16. An interaction term between $x_1$ and $x_2$ in a regression model means:

(a) $x_1$ and $x_2$ are correlated with each other (b) The effect of $x_1$ on $y$ depends on the value of $x_2$ (c) $x_1$ and $x_2$ together explain more variance than either alone (d) $x_1$ causes $x_2$

Answer **(b) The effect of $x_1$ on $y$ depends on the value of $x_2$.** An interaction means the slope for one variable changes depending on the level of another. For example, the effect of study hours on exam scores might be larger for students who also sleep well (positive interaction between study hours and sleep quality). This is different from mere correlation (a), which can exist without interactions. Option (c) describes the additive benefit of multiple predictors, not interactions. Option (d) confuses interaction with causation between predictors.

17. In the model $\hat{y} = 10 + 2x_1 + 5x_2 + 3x_1 x_2$, what is the effect of a one-unit increase in $x_1$ when $x_2 = 4$?

(a) 2 (b) 5 (c) 14 (d) 17

Answer **(c) 14.** The effect of $x_1$ is its coefficient plus the interaction coefficient times $x_2$: $\frac{\partial \hat{y}}{\partial x_1} = 2 + 3 x_2 = 2 + 3(4) = 14$. When there's an interaction term, the "effect" of a variable is no longer a single number — it changes depending on the value of the interacting variable. At $x_2 = 0$, the effect would be just 2; at $x_2 = 4$, it's 14.

18. Which model building strategy starts with all potential predictors and removes them one at a time?

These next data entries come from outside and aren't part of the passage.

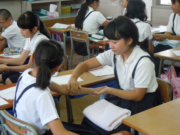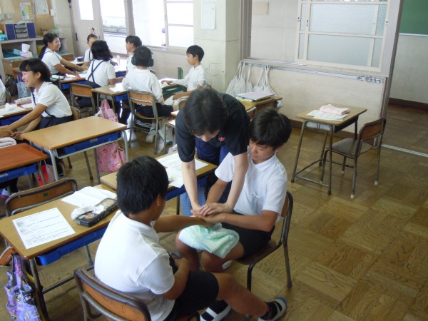 湯田小JRC委員会メンバーが「癒しのハンドケア」講習を受講しました
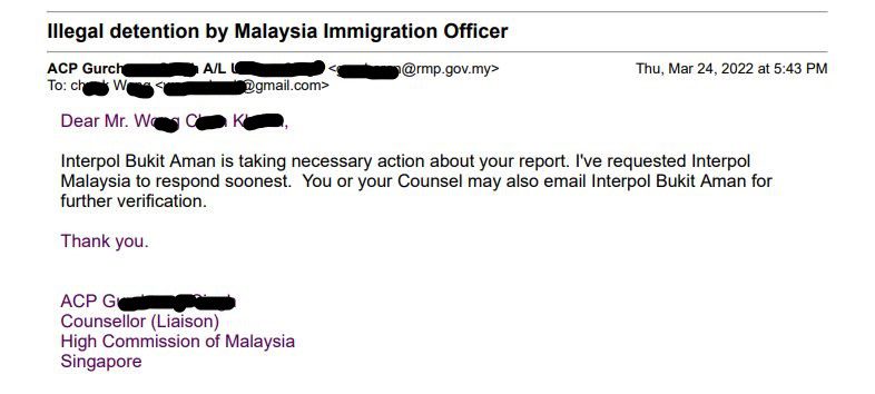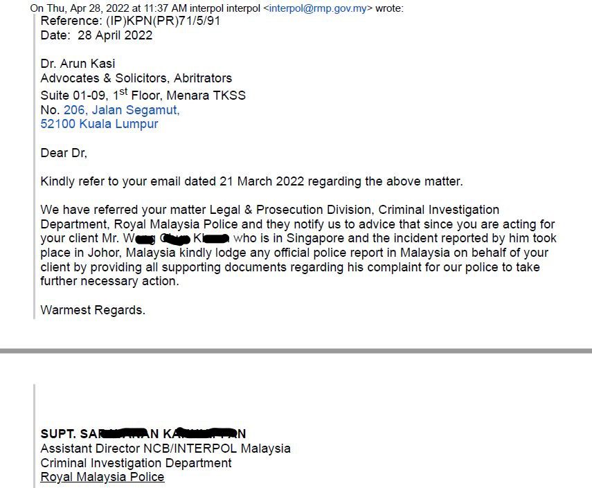 On 21.3.2022, my Malaysian lawyer wrote an email to the Royal Malaysia Police, requesting for a status update after more than three months of non-reply from PDRM. The Counsellor (Liaison) with the Malaysia High Commission in Singapore replied that PDRM is taking necessary actions about my reports (email attached).
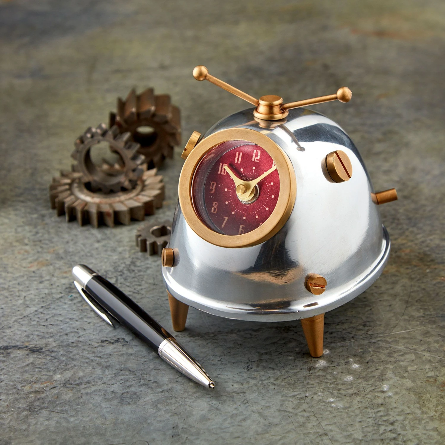 The cutest clock on any planet, our Space Bug table clock shows accurate earth time on a Mars-red dial, viewed through a solid brass porthole. Perched atop three conical brass feet, the polished cast aluminum body wards off gamma rays. A brass antenna seeks out new life and new civilizations.
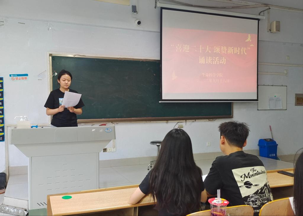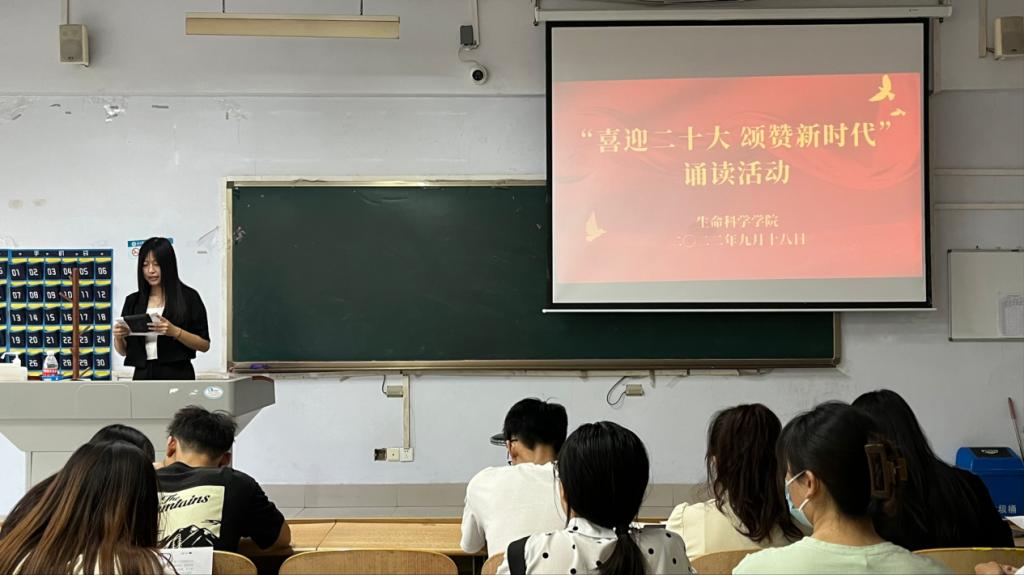 9月18日,为更好的彰显中华文化语言魅力,迎接党的二十大胜利召开,精品视频8AV于求实楼0105教室举办“喜迎二十大,诵赞新时代”经典诵读活动。

(a) Forward selection (b) Backward elimination (c) Substantive (theory-driven) model building (d) Stepwise regression

Answer **(b) Backward elimination.** Backward elimination starts with a full model and removes the least significant predictor at each step. Forward selection (a) starts with no predictors and adds them. Substantive model building (c) is based on theory, not data-driven removal. Stepwise regression (d) combines forward and backward steps. The recommended approach is substantive model building, with forward or backward selection as secondary tools.

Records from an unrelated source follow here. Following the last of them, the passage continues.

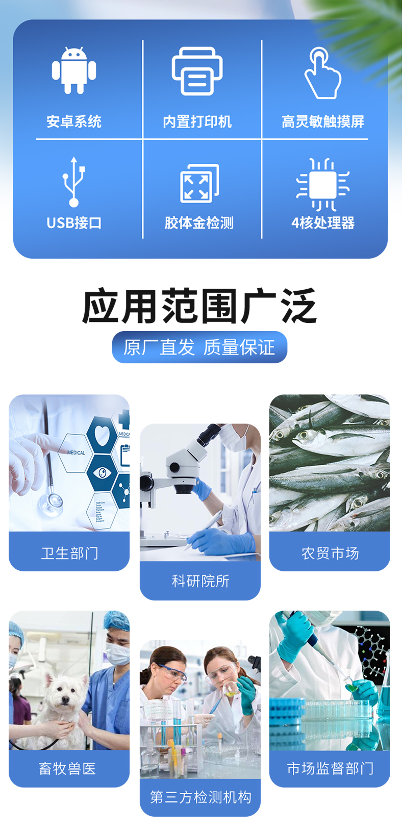 該動(dòng)物疫病診斷儀適用于豬、雞、鴨、羊、牛、牛奶等畜禽產(chǎn)品中動(dòng)物疫病、獸藥殘留、有毒有害物質(zhì)和抗生素殘留的檢測(cè)可廣泛應(yīng)用于食藥監(jiān)局、衛(wèi)生部門、高教院校、科研院所、農(nóng)業(yè)部門、畜牧獸醫(yī)、養(yǎng)殖場(chǎng)、屠宰場(chǎng)、食品肉產(chǎn)品深加工企業(yè)、檢驗(yàn)檢疫部門等單位使用。
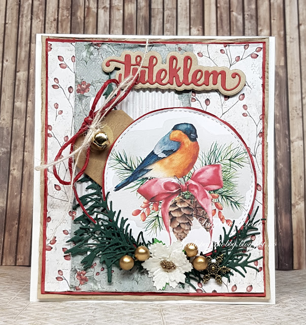 På begge kortene har jeg brukt mønsterark fra Papirdesign og motiv fra Mays Design. Motivet er stanset ut med sirkeldie med søm fra My Crafty Times, trærne er fra Sizzix og Juleklem/Julehilsen er fra Papirdesign.
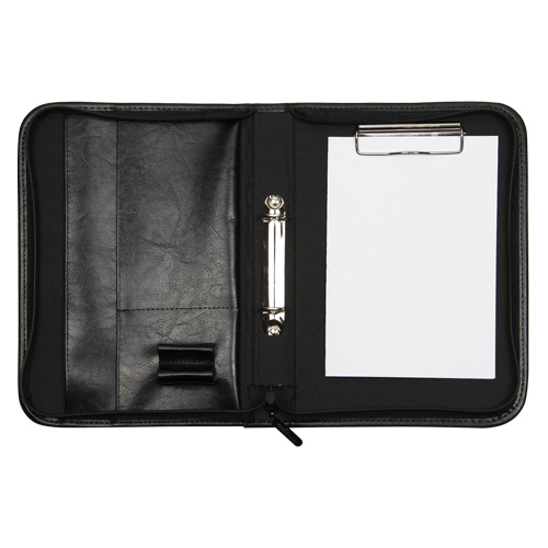 Portfólio se zipem, vybavené 2-kroužkovou mechanikou a klipem, s kapsami niěkolika velikostí. Vyrobená z imitace kůže, v černém provedení, formát A5. Rozměr: 360x260x50 mm prečítať celé
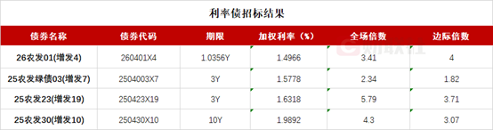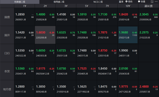 银行间主要利率债收益率涨跌不一,截至下午16:30,10年期国债活跃券250016收益率下行0.1bp报1.842%,30年期国债活跃券2500006收益率上行0.35bp报2.3045%,10年期国开活跃券250215收益率上行0.4bp报1.968%。
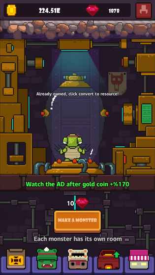 这是一款像素风格的模拟经营游戏,玩法十分简单,容易上手。你将在此经营一座全新的黄金矿藏。由于怪物们偷吃了人类的肌肉和蛋白质,它们的士兵都变成了行尸走肉。不过,黄金能够帮助怪物们保持清醒。你需要收集更多金币,完成所有任务,壮大你的商店,开启并成就属于你的大冒险之旅。

19. A social scientist finds that after controlling for income and education, the effect of race on health outcomes is reduced but still statistically significant. The most appropriate conclusion is:

(a) Race directly causes health disparities (b) Income and education are more important than race (c) After accounting for differences in income and education, race is still associated with health outcomes, suggesting additional unmeasured factors or direct effects (d) The regression is invalid because race cannot be randomly assigned

Answer **(c) After accounting for differences in income and education, race is still associated with health outcomes, suggesting additional unmeasured factors or direct effects.** This is similar to James's criminal justice analysis. The coefficient shrinks (because some of the racial disparity is explained by income and education differences), but it doesn't disappear. Option (a) is too strong — regression cannot prove direct causation. Option (b) makes an unsupported comparison. Option (d) is incorrect — regression can and does study variables that cannot be randomized; it just can't establish causation for them.

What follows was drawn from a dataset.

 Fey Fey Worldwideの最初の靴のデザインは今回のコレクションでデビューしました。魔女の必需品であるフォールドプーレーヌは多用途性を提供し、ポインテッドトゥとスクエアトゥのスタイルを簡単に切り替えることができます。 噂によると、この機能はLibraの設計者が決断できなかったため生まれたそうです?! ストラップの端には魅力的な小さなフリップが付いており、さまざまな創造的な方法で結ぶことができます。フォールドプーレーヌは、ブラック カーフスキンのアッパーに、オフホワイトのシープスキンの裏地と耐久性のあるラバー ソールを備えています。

20. You're advising a student who has $n = 40$ observations and wants to include 8 predictors. You should:

(a) Encourage them — more predictors always improve the model (b) Warn them that they have only 5 observations per predictor, well below the 10-15 recommended, and suggest reducing the number of predictors (c) Tell them this is fine as long as $R^2 > 0.50$ (d) Suggest they use forward selection to include all 8 anyway

Answer **(b) Warn them that they have only 5 observations per predictor, well below the 10-15 recommended, and suggest reducing the number of predictors.** With $n = 40$ and $k = 8$, there are only 5 observations per predictor. This creates serious risks of overfitting — the model will capture noise rather than signal, and $R^2$ will be misleadingly high. The adjusted $R^2$ formula shows this: $n - k - 1 = 31$, meaning a large fraction of the sample is "used up" by the model. The student should either collect more data or reduce the number of predictors to 3-4 based on substantive reasoning.